Workshop: PMBS22: The 13th International Workshop on Performance Modeling, Benchmarking, and Simulation of High-Performance Computer Systems
Authors: Jan Balewski (Lawrence Berkeley National Laboratory (LBNL)); Zhenying Liu, Alexander Tsyplikhin, and Manuel Lopez Roland (Graphcore); and Kristofer Bouchard (Lawrence Berkeley National Laboratory (LBNL))

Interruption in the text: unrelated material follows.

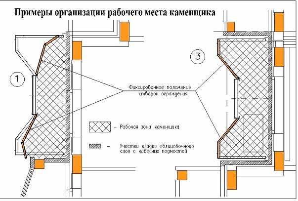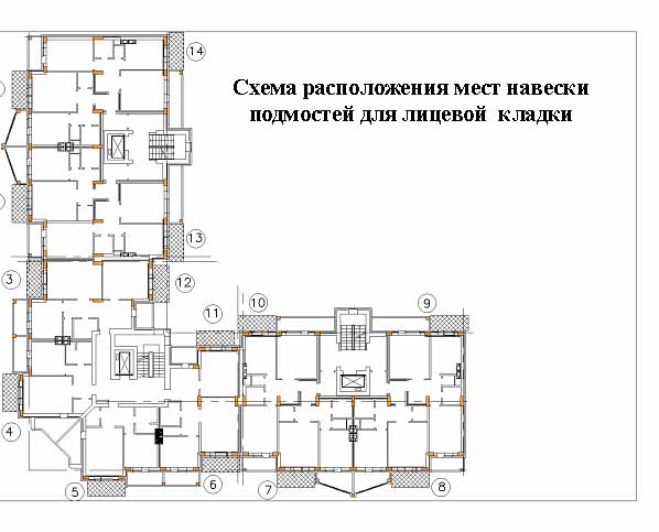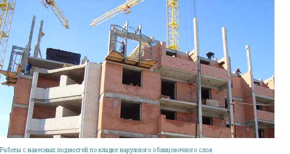 Однако, в отличие от приведенных объектов, строительство жилого дома в г. Орша принципиально отличалось конструкцией трехслойных наружных стен с облицовочным слоем из кирпича. Это, в свою очередь, в значительной мере осложняло выполнение работ по устройству облицовочного слоя, т.к. зона облицовки оказывалась закрытой колоннами прямоугольного сечения. С этой целью были разработаны и успешно применены навесные подмости для работы на проблемных участках наружных стен. Благодаря этому методу была достигнута возможность параллельной работы бригад монтажников и каменщиков.

Abstract: We compare the ML-training performance of a Graphcore IPU-M2000-based system with Nvidia A100 GPU-based system on the Perlmutter HPC machine at NERSC/LBL. The multivariate regression of time series data from a simulated biological neuron was the scientific benchmark problem. The ML-model consisted of several convolutional, batch normalization, and fully connected layers. The training data were distributed in CPUs memory to eliminate the system dependent IO cost. The data-parallel training runs resulted in the same samples throughput on both GC200 IPUs and A100 GPUs for any choice of the number of accelerators between 1 and 256. The achieved best MSE validation loss on IPUs was only 10% to 20% larger. The aggregated energy use per 1 training epoch was between 2.5 to 3 times smaller for the Graphcore-system in comparison to the Nvidia-system. This paper also discusses aspects of software-hardware co-design to achieve highest efficiency on the IPU using PopTorch.